* **Dataset section**
===============

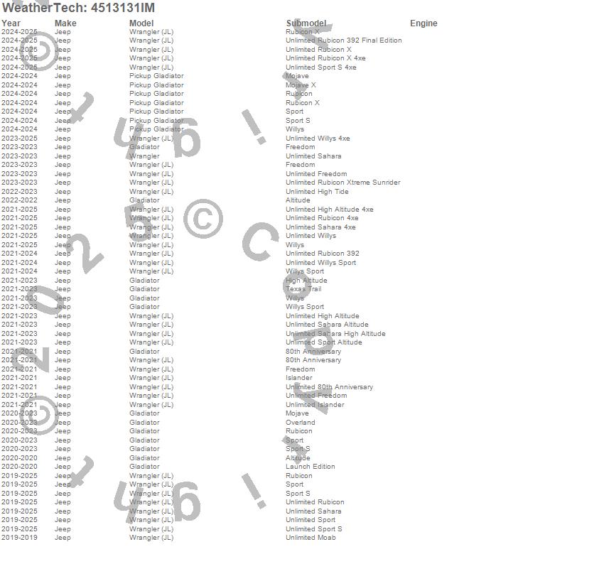 Below is an abbreviated list of applications for the FloorLiner HP.Gladiator, Pickup Gladiator, Wrangler, Wrangler (JL), Jeep, 2026, 2025, 2024, 2023, 2022, 2021, 2020, 2019, 2018
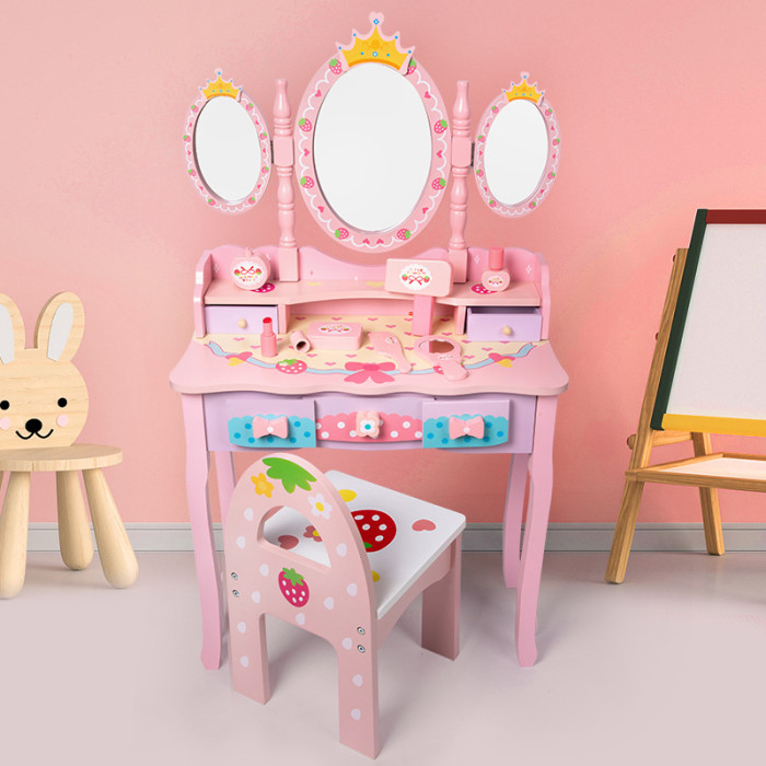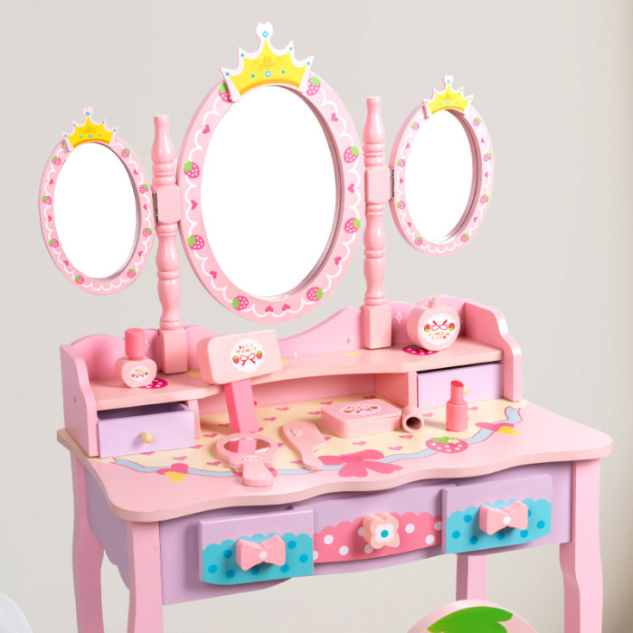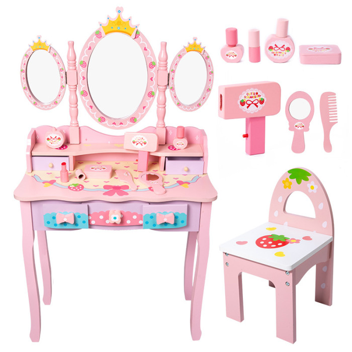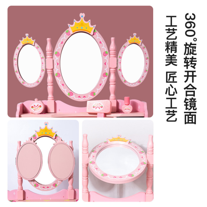 皇冠梳妝台女孩木質仿真化妝桌椅化妝用品套裝扮家家酒玩具生日禮物
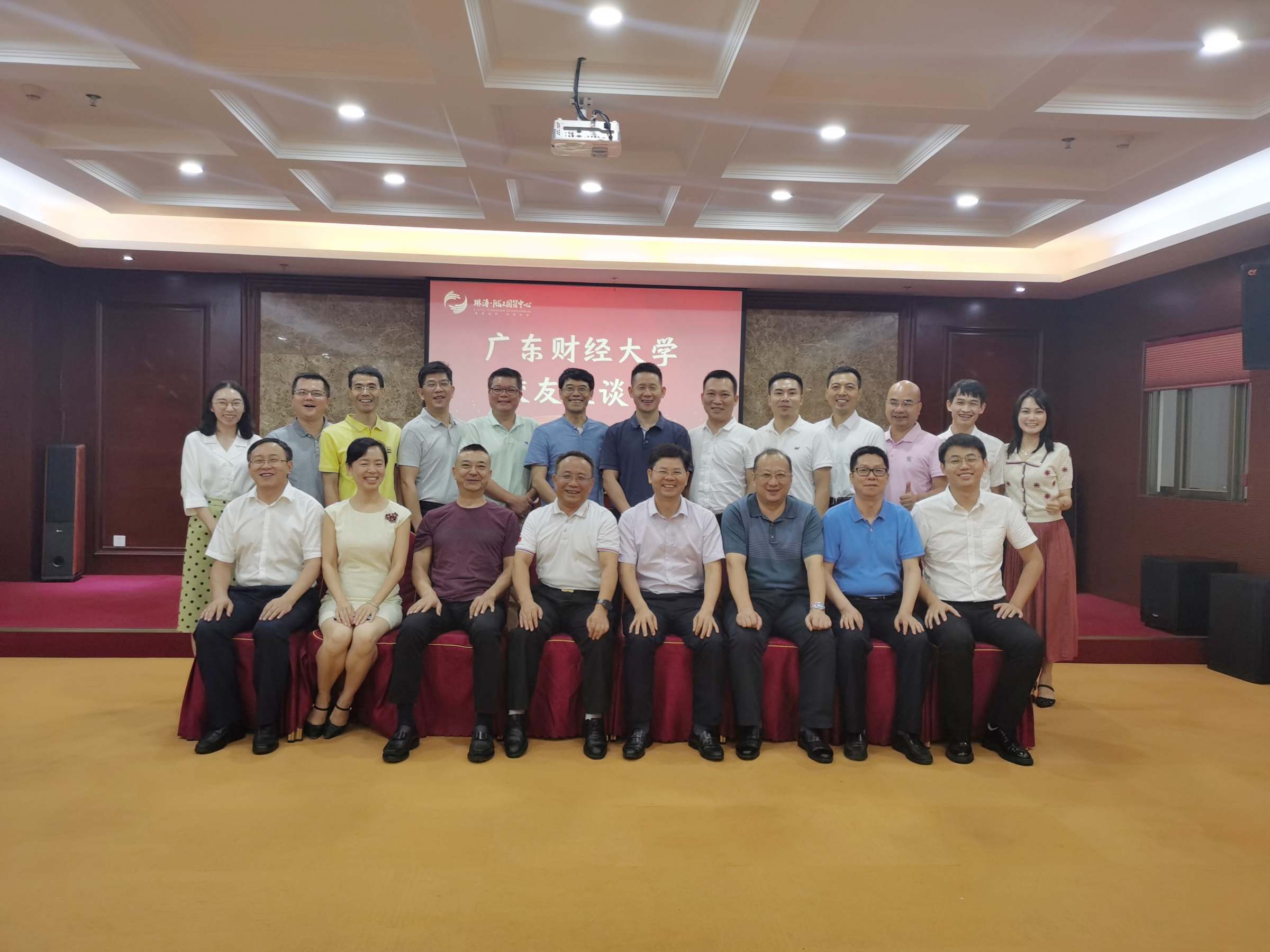 罗贤甲从人才培养、师资队伍、科学研究、社会服务、十四五规划等多个方面向校友们介绍了学校近期的建设与发展情况。段丹向校友们介绍了广东财经大学校友会和教育发展基金会的概况以及校友工作思路。

===============

Repeat all of the material above exactly, leaving out pictures.

* **Task answer**
 Below is an abbreviated list of applications for the FloorLiner HP.Gladiator, Pickup Gladiator, Wrangler, Wrangler (JL), Jeep, 2026, 2025, 2024, 2023, 2022, 2021, 2020, 2019, 2018
 皇冠梳妝台女孩木質仿真化妝桌椅化妝用品套裝扮家家酒玩具生日禮物
 罗贤甲从人才培养、师资队伍、科学研究、社会服务、十四五规划等多个方面向校友们介绍了学校近期的建设与发展情况。段丹向校友们介绍了广东财经大学校友会和教育发展基金会的概况以及校友工作思路。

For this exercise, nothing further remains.